What helps with the waiting part is that I actually have to evaluate whether or not if it is even worth speaking about. 
My H always said it was embarrassing to have these arguments in public and I use to answer with a "Who cares what they think" or "well then you should stop being an ars in public then". Truth was it was always me who started it.
I still do not care what others think but I do care what my husband thinks and feels so I no longer jump on the emotional bus and start arguing. If I disagree with something I will say so and then later we talk about it.


----------



## Holland (Aug 20, 2012)

I am not a fighter and would not do it in public. I simply hate it when I see other people do it.

A passionate discussion, yes that is good but fighting I cannot deal with.

I get that it shouldn't matter what other people think and generally I don't care what others think of me but there is just something so uncomfortable about arguing or fighting in public, it seems degrading to me.


----------



## Dollystanford (Mar 14, 2012)

never never never


----------



## EleGirl (Dec 3, 2011)

Never, ever. Other people do not want to be dragged into the drama.


----------



## Bellavista (May 29, 2012)

I do avoid fighting in public. As much as possible, we avoid arguing directly in front of the kids as well.
It makes me very uncomfortable when I am with another couple & they start a barney.


----------



## SimplyAmorous (Nov 25, 2009)

Yes... you just want to go crawl under the nearest rock when tempers Flare -fights started in your presence...very uncomfortable... this is reason alone... to never do it in front of others.

Like Holland said though... a passionate discussion..is Ok.. 

I am pretty forward with my close friends, if me & husband was at some sort of odds (rare thankfully -as we work things out quickly) ...it wouldn't be beyond me to mention that we're a little ticked at each other in the moment .....so if they notice a bit of tension, that's the deal. Though I can't even recall ever having to say something like that, or having friends over -when we were fighting. 

But never ...to the point of making others feel uncomfortable, that is just so awkward, awkward , awkward.


----------



## unbelievable (Aug 20, 2010)

Arguing with your spouse in public is unseemly and disturbs everyone else in the trailer park.


----------



## Honest opinion (Dec 14, 2012)

Hahaha,for asecond I thought your my husband posting this threadlol ,I'm sorry but this is how we react in public all the time. I even left the restaurant couple of times due to the embarrassment but I can't put my reaction on hold!can you??? Well if someone upsets you and hurt your feeling it's normal to say your mind back ,how can I fake smile and enjoy my time when I am hurt and tears in my eye?? I am working on controlling my reactions fast but it's sooo hard.try to understand your wife her reaction due to embarrassment not to hurt you or put you down infront of family.thanks god we have no family in the same city


----------



## waiwera (Sep 8, 2009)

I don't make public scenes.
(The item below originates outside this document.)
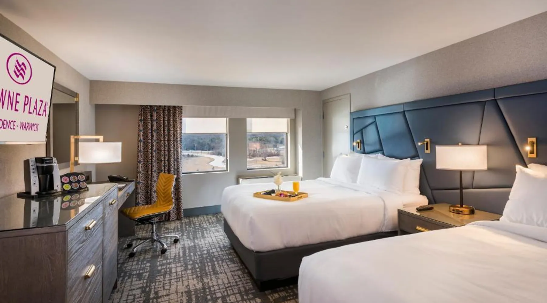 Comfortable Accommodations: Crowne Plaza Providence-Warwick in Warwick offers rooms with air-conditioning, private bathrooms, and modern amenities. Each room includes a work desk, free WiFi, and a flat-screen TV. Exceptional Facilities: Guests can enjoy a fitness center, indoor swimming pool, sun terrace, and free airport shuttle service. Additional facilities include a restaurant, bar, lounge, and outdoor seating area. Dining Experience: The hotel serves American cuisine with a buffet breakfast featuring warm dishes. A coffee shop and outdoor seating area provide additional dining options. Prime Location: Located 1.2 mi from T.F. Green Airport, the hotel is a 19-minute walk from Apponaug. Nearby attractions include Pawtuxet Village (6.8 mi) and Brown University (9.9 mi). Guests appreciate the attentive staff and excellent service. This hearing-accessible room with 1 king bed has a flat-screen TV, work desk and coffee maker.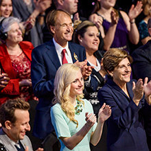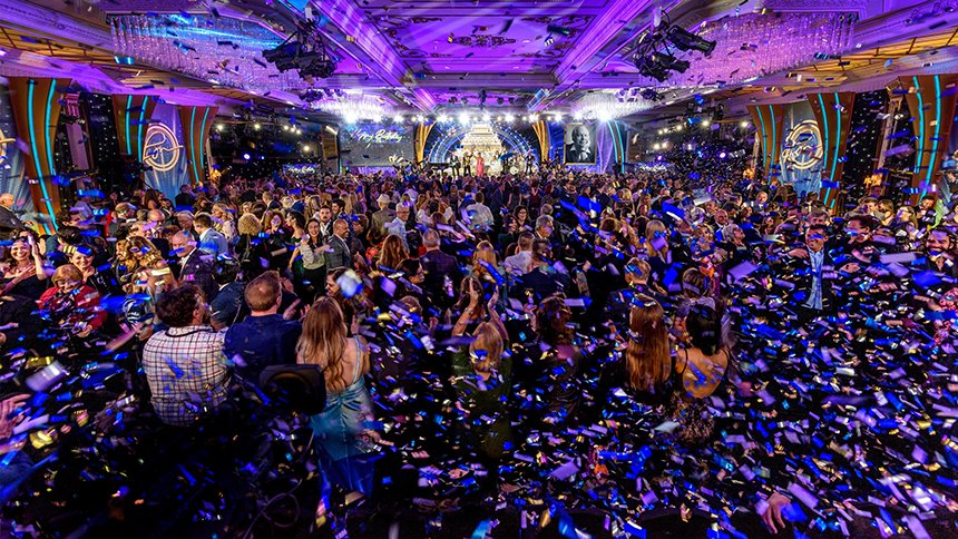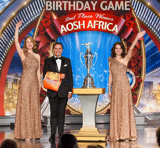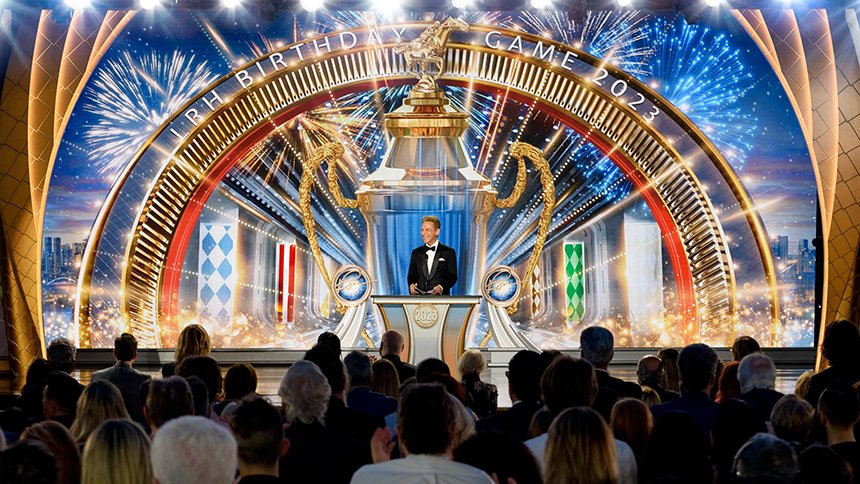 Successivamente è arrivato il momento di annunciare i campioni del Gioco del Compleanno di LRH. Il palco si è trasformato in un podio dei vincitori, con tanto di luci sfavillanti, casacche da fantino e luccicanti trofei. Il Gioco del Compleanno porta avanti la tradizione di onorare L. Ron Hubbard con il dono dell’espansione in ogni Chiesa di Scientology.

Embarrassing and uncomfortable for EVERYONE.

I control myself until we get home or somewhere private. H does the same.


----------



## alte Dame (Aug 7, 2012)

As a rule, you shouldn't argue in public. If, however, one spouse is somehow out of control (being offensive, threatening, creating a scene, etc.), it should be OK for the other spouse to rein him/her in, which depending on the situation could entail an argument.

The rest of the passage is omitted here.